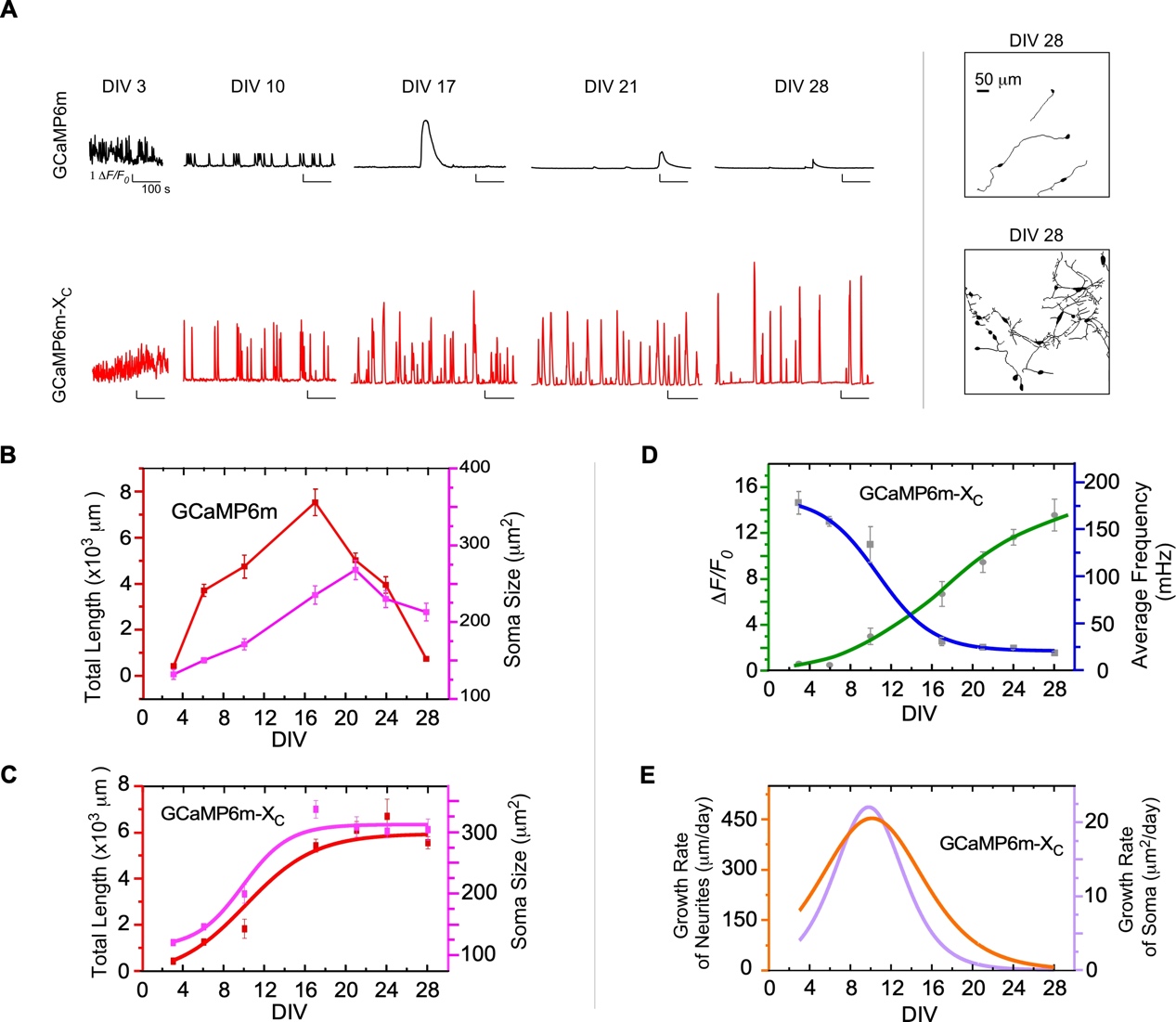在皮层神经元中,自发性钙振荡(主要来源为L型钙通道的钙离子内流)调控神经元突起的生长,称为通道钙动态-神经元发育耦联(Communications Biology 2022,DOI:10.1038/s42003-022-03438-1)。GCaMP与L型钙通道意外结合进而干扰上述耦联,长期(高)表达GCaMP最终造成了神经元明显的损伤。本工作聚焦于自发钙振荡与神经元形态之间的关联,遵循本实验室此前GCaMP-X探针的“理性设计”原则,利用“分子内保护片段”克服了传统GCaMP的弊端,实现了长时程GCaMP-X在体/离体成像。首先,利用病毒导入和药物诱导转基因表达,GCaMP-X长期表达(4周)于皮层神经元,揭示出局部自发钙活动会随新生神经元发育成熟的过程逐步发展成为全局同步钙振荡;长期表达GCaMP-X的神经元与对照组健康神经元无统计学差异,据此对发育全程的振荡幅值、频率及突起生长速率等关键指标进行了定量分析,为相关研究领域提供了基础性的信息。与以上离体数据一致,活体成像获得的自发钙波及触须钙响应数据也支持GCaMP-X在神经元相容性等方面优于传统钙探针。
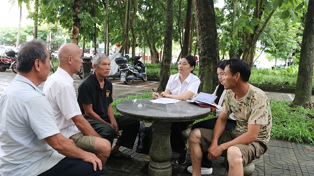 图为刘琪(中)正在向群众了解基层党风廉政建设有关情况。唐青青 摄
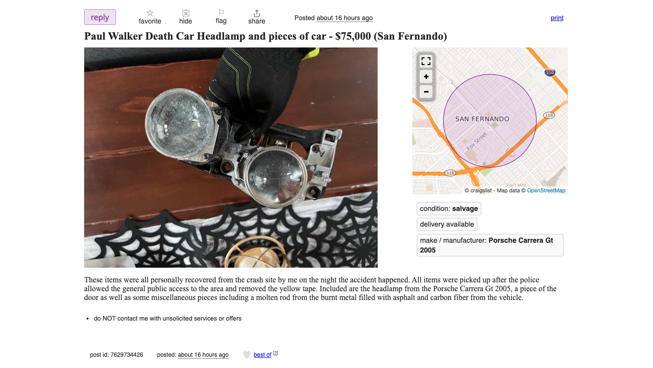The Craigslist post is for a piece of the car's headlight and number of other things that were around when Walker was killed in his 2005 Porsche Carrera GT.
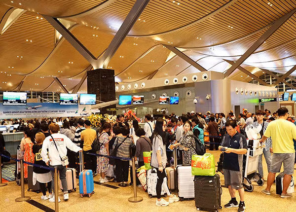 Rất đông hành khách làm thủ tục check-in chuyến bay thường lệ Cam Ranh – Incheon đầu tiên của Bamboo Airways

- _Task to complete_: What you return should be the exact lines from the one containing "The Craigslist post" through the end of the listing above, both included, minus any pictures.

- _Solution to this task_:
The Craigslist post is for a piece of the car's headlight and number of other things that were around when Walker was killed in his 2005 Porsche Carrera GT.
 Rất đông hành khách làm thủ tục check-in chuyến bay thường lệ Cam Ranh – Incheon đầu tiên của Bamboo Airways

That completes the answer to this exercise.